Table 2. Distribution of labels (in percent) by case types

3 Prediction Task and Results

3.1 Models and Features

As seen in the previous section, claims made by landlords are much more successful than those made by tenants. Because of these biases, we decided to make two subtasks for LvT and TvL scenarios. For each of these subtasks, we made a 60:20:20 train-validation-test split for the corresponding datasets. Our baseline is a dummy classifier that returns a label if it occurs in more than half of the training samples. Thus, it will always and only predict the penalty and rejection labels in LvT and TvL respectively. Among the models used, we present the results for logistic regression implemented through a One-versus-Rest approach (OvR, one classifier per label). Three sets of features are used:

  • the metadata alone (court location and judge in charge of the audience, presences and types of plaintiff and defendant);

  • the metadata plus TF-IDF vectors (2–8-g at character level) fitted on the first line of the decision (line 1 on Fig. 1). These vectors are later replaced by a mean vector of FastText embeddings [4] of all words contained in the first line. These FastText representations are trained beforehand on the first line (window and vector sizes of 5 and 300, 10 training epochs);

  • the metadata plus TF-IDF or FastText vectors (same settings as above) fitted this time on all the text before the verdict (lines 1 to 6 on Fig. 1).

The rationale behind using different lengths of the decision is to check whether models can predict the outcome of a case by solely using the factual elements of a case without relying on the legal analysis, as in [16]. As stressed in [13], elements from the legal analysis section may reveal the verdict. In the absence of efficient means to properly isolate the fact descriptions from the legal analysis, we used the first line of each decision as a proxy for factual elements.

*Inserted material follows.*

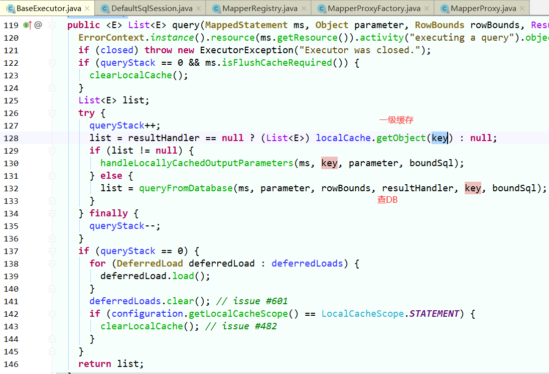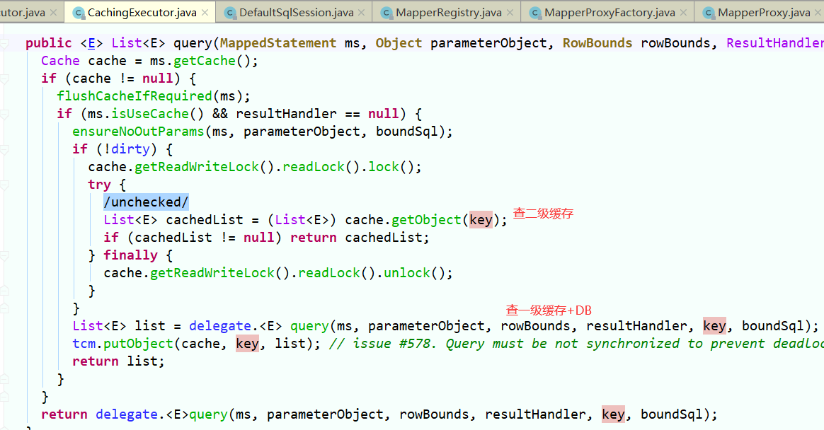 CachingExecutor.query() 先从缓存获取,缓存没有从db查询。此缓存为mappedStatement(configuration.mappedStatements / namespace)级别的缓存,又称二级缓存。二级缓存为全局namespace级别缓存,不同sqlsession会话可共用。

For the latter two settings with different input text lengths, we also applied the FlauBERT base cased language model [7], a variant of BERT (Bidirectional Encoder Representations from Transformers [6]) pretrained on French corpora that we finetuned to our input text (metadata were not used). We set the batch size, maximum sequence length and learning rate to 32, 256 and 1e−5 respectively. Training was set to 10 epochs and stopped whenever a lower loss on the evaluation set was not achieved after 10,000 consecutive optimization steps. Our metrics are accuracy (the predicted labels must exactly match the true ones for a sample to be considered as correctly classified) and micro, macro and weighted F1 score averages. Results are shown in Table 3.

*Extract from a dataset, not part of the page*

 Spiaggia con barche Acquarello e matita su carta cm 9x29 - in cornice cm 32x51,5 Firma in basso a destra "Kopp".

3.2 Discussion of the Results

With the mere use of metadata as features, we managed to beat the baseline model in the LvT scenario for almost all metrics, but got little to no improvement in TvL cases. This may be due to the fact that TvL labels distribution is less imbalanced compared to LvT (see Table 2). When given access to the first line of each document, all models outperform the baseline and the TF-IDF method performs slightly better compared to FastText and FlauBERT across all metrics and scenarios. One possible explanation is that the TF-IDF representation partially preserves characters order while FastText and FlauBERT expressiveness suffer from the shortness of the first line. When the input contains all the text before the verdict, the performances obtained with TF-IDF vectors either stagnate or slightly degrade. The FastText method, on the contrary, significantly improves across all metrics, beating TF-IDF. FlauBERT outperforms FastText with dramatic improvements across all metrics. The fact that FastText and FlauBERT achieve better performance across all metrics with respect to TF-IDF can also be explained by longer text inputs that lead to richer embeddings. On the other hand, the stagnation of TF-IDF may be due to a dramatically larger number of n-grams as the text inputs become longer, leading to longer and sparser TF-IDF vectors that could not be leveraged by our models. FastText and FlauBERT performances also need to be kept in perspective as the paragraphs at the end of the longer text input may reveal information about the verdict as mentioned earlier from [13]. All in all, in both scenarios and with all text before verdict as input, our best model is the FlauBERT one that achieves 93.7% and 85.2% on micro average F1 score and accuracy in the LvT scenario, and 84.9% and 74.6% for the TvL cases.

Table 3. Multilabel classification results for Landlord v. Tenant and Tenant v. Landlord scenarios in percent (for the last two features sets, the highest value of each column is bold)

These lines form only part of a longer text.